Software version (skip for WMF-hosted wikis like Wikipedia):

Other information (browser name/version, screenshots, etc.):

Screenshot:

The two exact matches are not the first results on Special:Search either: https://www.wikidata.org/w/index.php?ns146=1&search=asse

Details

	Subject	Repo	Branch	Lines +/-
	Rank lemma's over forms	mediawiki/extensions/WikibaseLexemeCirrusSearch	master	+29 -27

Customize query in gerrit

Related Objects

Mentioned In: rEWLCbce24497d5f1: Rank lemma's over forms

Event Timeline

Nikki created this task.Oct 13 2023, 3:38 PM

Gehel moved this task from needs triage to Current work on the Discovery-Search board.Oct 16 2023, 3:18 PM

Gehel edited projects, added Discovery-Search (Current work); removed Discovery-Search.

Let's spend at most 1 day to investigate the issue, we'll re-discuss if we want to fix it once we understand the problem.

EBernhardson moved this task from Incoming to Ready for Dev -- SWE on the Discovery-Search (Current work) board.Oct 23 2023, 3:30 PM

The UI for adding statements is using wbsearchentities (explain).
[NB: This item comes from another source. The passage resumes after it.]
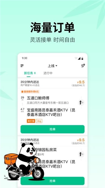 4、平台持续汇集大量同城即时配送需求,保障配送员在不同时段都有充足的订单可供选择。

Target results are L1191921 and L1144955.

The method of scoring for wbsearchentities could be sumarized as bucketing results into 3 groups based on how well they match, and then sorting by popularity (statement count and incoming link counts) within those buckets. Of all the docs that make the best possible match (near_match on lemma or near_match on lexeme_forms.representation) the two target documents have the lowest popularity with zero incoming links and a single statement each. Reviewing a few of the documents that were not targeted but ranked higher, they also match lexme_forms.representation. In a more traditional search context using term frequencies the fact that the target lexmes have a single statement each would push them up in the ranking, but because wbsearchentities isn't giving them individual scores that doesn't happen here.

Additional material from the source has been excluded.